Data fields in Retraction Watch (RW) data set:
- subject: subject seems not easily usable; may need a subject classification API
- institution: this piece of data might not be present in CrossRef, so we can take it from the RW data set. We need to match it again ROR API to get the institution's main ROR ID.
- journal and publisher: we should not rely on RW data for this but the from CrossRef.
- country: we ignore this piece of information as we will infer it from the institution's ROR record.
- author: we can take from CrossRef data set.
- urls: needs preprocessing as may contain multiple URLs. Contains URL to Retraction Watch blog if any.

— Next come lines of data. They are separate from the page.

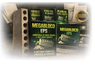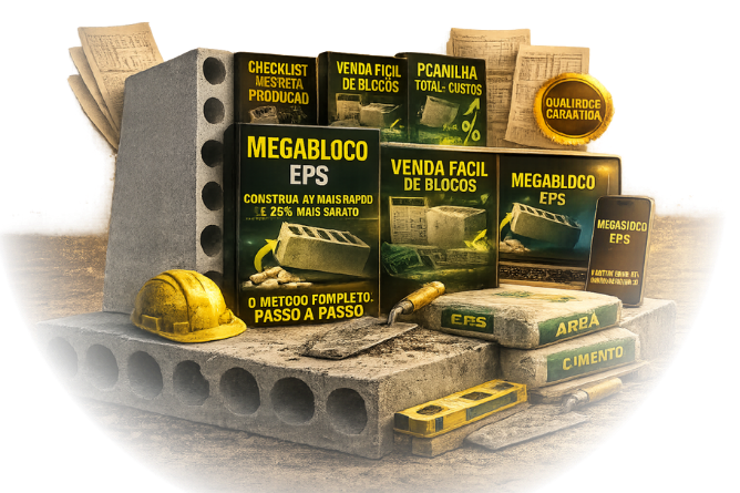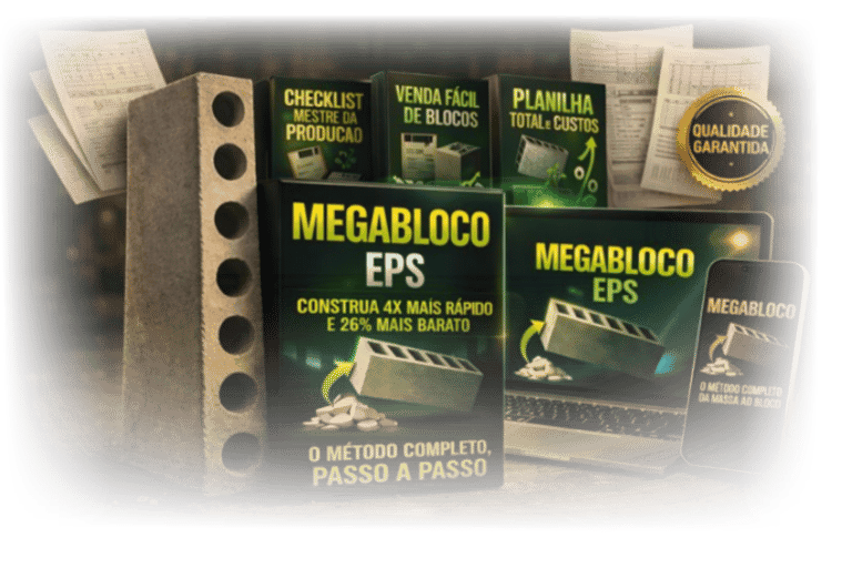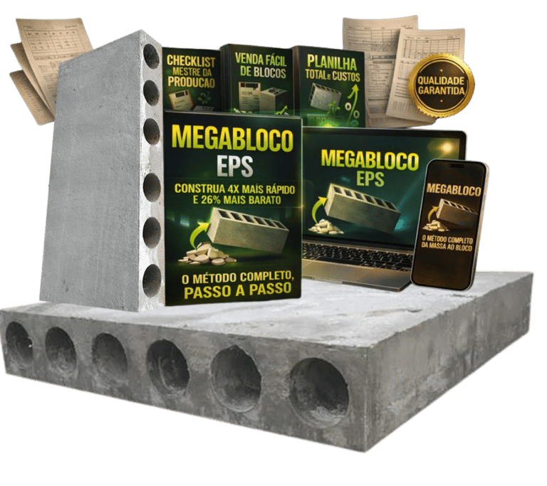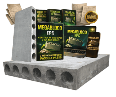Mega Bloco EPS, é uma apostila completa + vídeo explicativo, com o passo a passo definitivo para você produzir blocos de concreto com (ISOPOR) reciclado.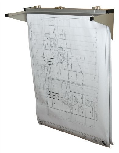 High Quality Drop - Lift Wall Rack for Blueprints - Plans, Sand Beige with 12 File Hanging Clamps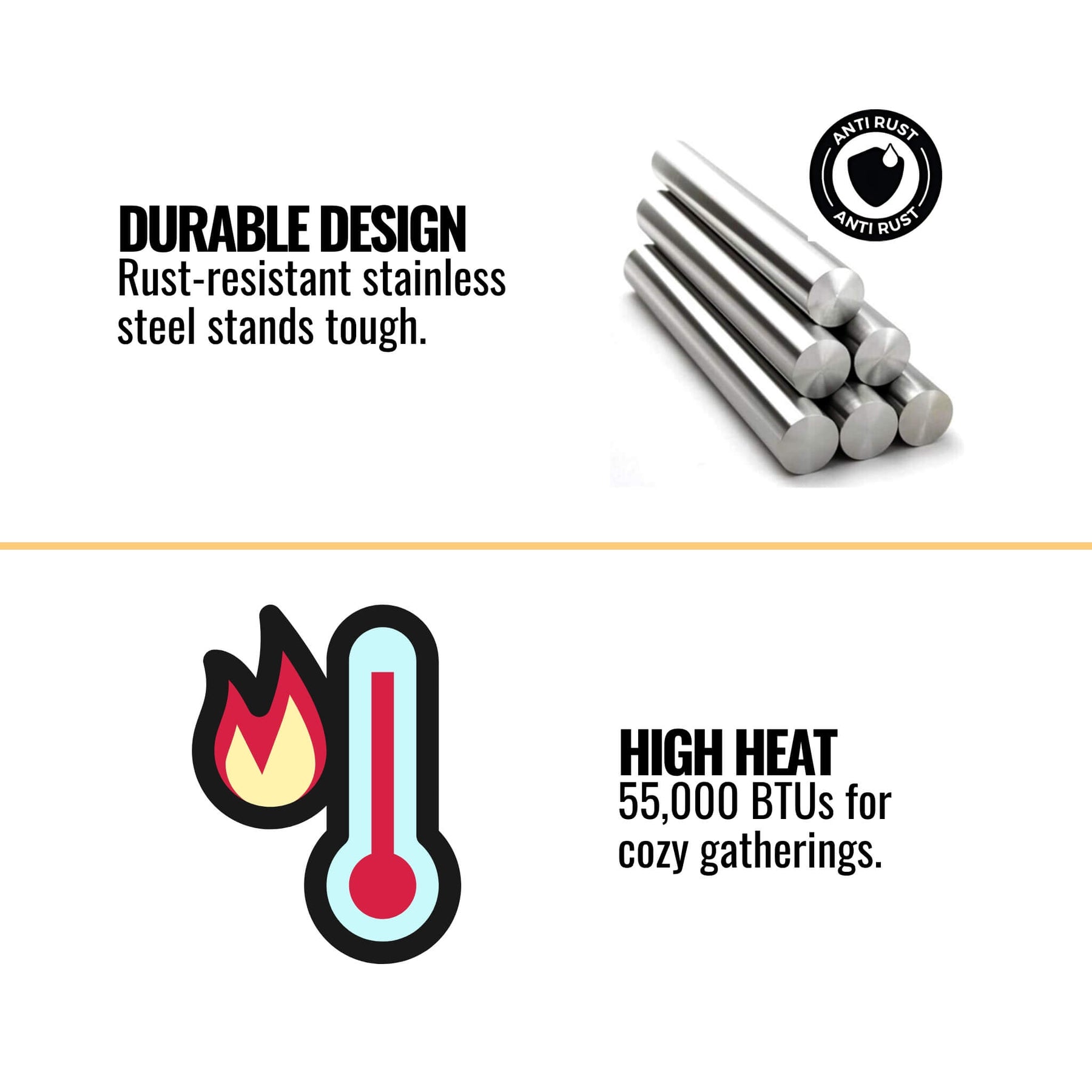 • Size & heat: 42-inch traditional outdoor gas fireplace with up to 55,000 BTUs of warmth for outdoor gatherings.
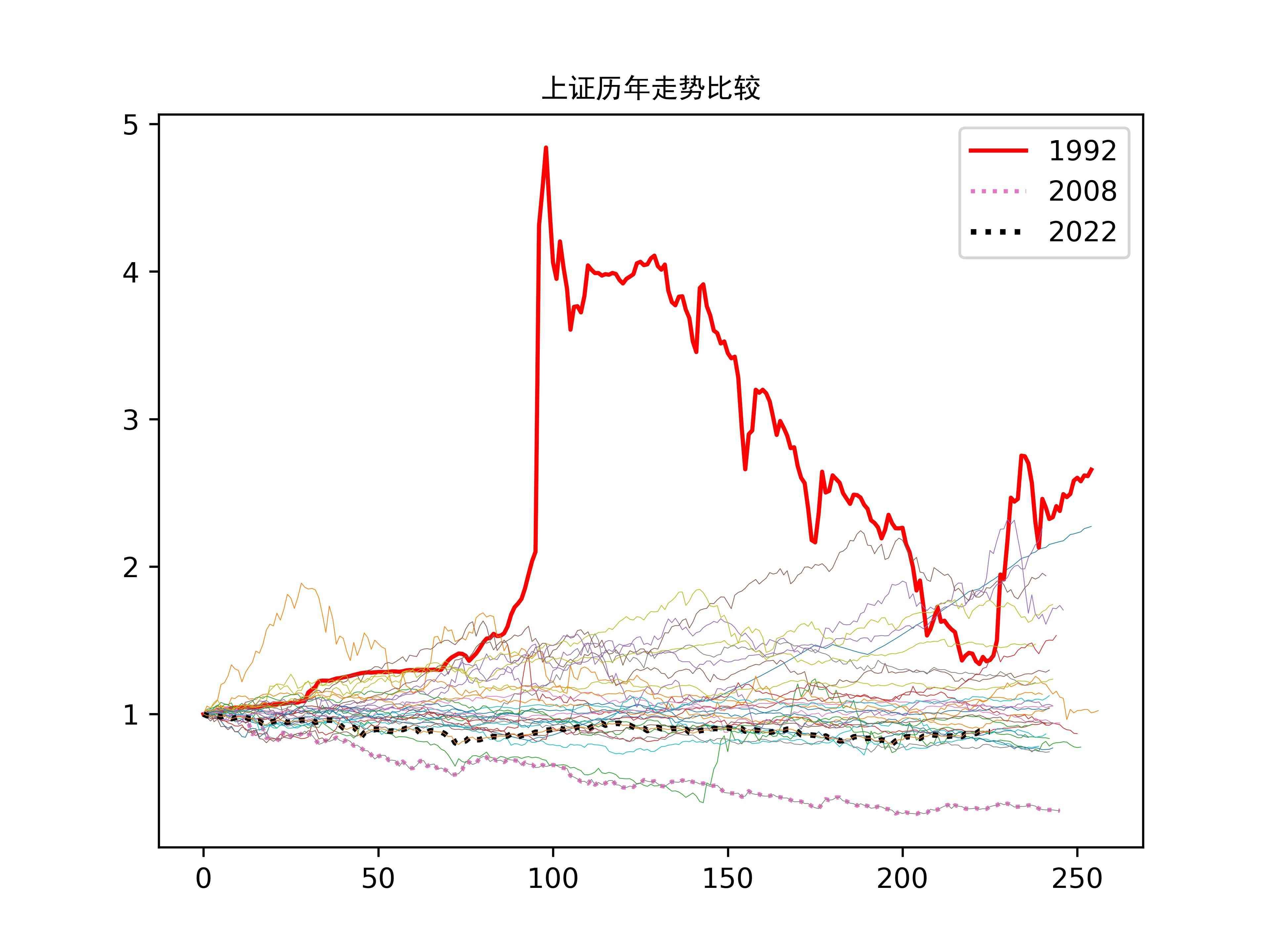 下图给出了1991年以来上证历年的走势比较,从年初到年末,1992年是走得最漂亮的,当然期间波动也挺大。
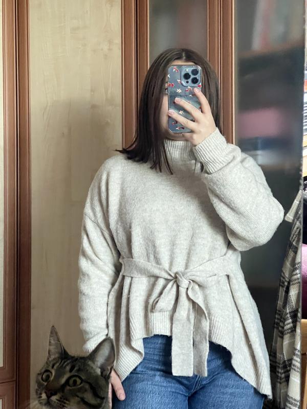 Светр бежевого кольору, з відкритою спиною. Можна носили в двох варіантах. Одягнуто на S. Классно під джинси є трохи катишок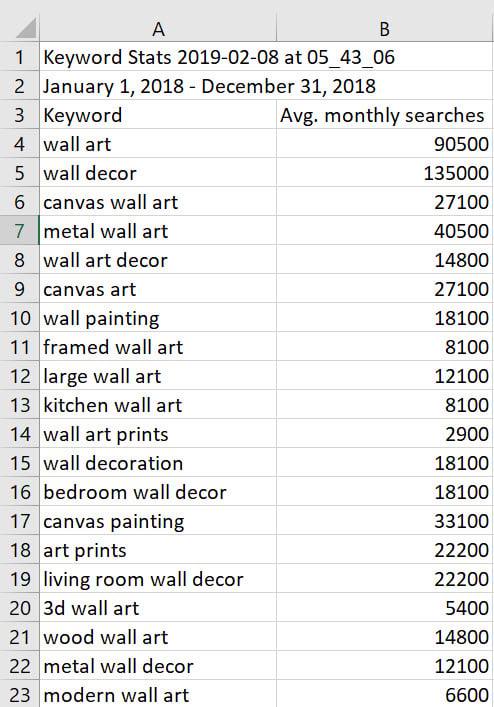 On the data results page, click on the filter in blue that says “Show broadly related ideas” and change it to “closely related.” Broad is very broad — for our example of wall art, you’ll see results such as wallpaper and paint. Choosing “closely related” should filter those less-relevant keywords out of your data set.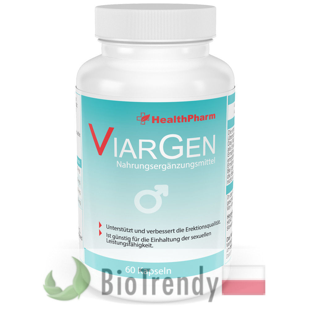 Viargen to suplement diety w postaci kapsułek, który oparty jest wyłącznie o naturalne składniki odżywcze, takie jak: Żeń-szeń właściwy (Żeń-szeń chiński: Panax ginseng), Pieprzyca peruwiańska (Maca: Lepidium meyenii), Buzdyganek naziemny (Tribulus terrestris) oraz L-arginina (Arg: Kwas 2-amino-5-guanidynopentanowy).

- articletype: this is the type of the article, which is any of:
['Clinical Study', 'Supplementary Materials', 'Auto/Biography', 'Interview/Q&A', 'Expression of Concern', 'Book Chapter/Reference Work', 'Case Report', 'Trade Magazines', 'Conference Abstract/Paper', 'Correction/Erratum/Corrigendum', 'Dissertation/Thesis', 'Preprint', 'Meta-Analysis', 'Commentary/Editorial', 'Research Article', 'Review Article', 'Article in Press', 'Other', 'Legal Case/Analysis', 'Retraction Notice', 'Technical Report/White Paper', 'Guideline', 'Government Publication', 'Letter', 'Retracted Article', 'Revision']We will use this to filter out the articles we are interested in. - retractiondate: we keep this info; we need to check if any cited-by publication is published after this date. Key data point.
- retractiondoi: this is the DOI of the RETRACTION NOTICE.
- originalpaperdoi: this is the DOI of the articles that has been RETRACTED. Key data point.
- retractionnature: type of the retraction, which is any of:
['Retraction' 'Correction' 'Expression of concern' 'Reinstatement']
Data fileds of interest from the ROR dataset:
- ror_id: this is the ROR ID of the institution.
- name: this is the name of the institution.
- country: this is the country of the institution.
- region: this is the country subzone of the institution.
Data fields of interest from the CrossRef dataset:
- doi: this is the DOI of the article.
- container: this is the title of the journal / conference / book series.
- publisher: this is the publisher of the journal / conference / book series.
- type: the publication type (journal-article, preprint, book-chapter, etc.)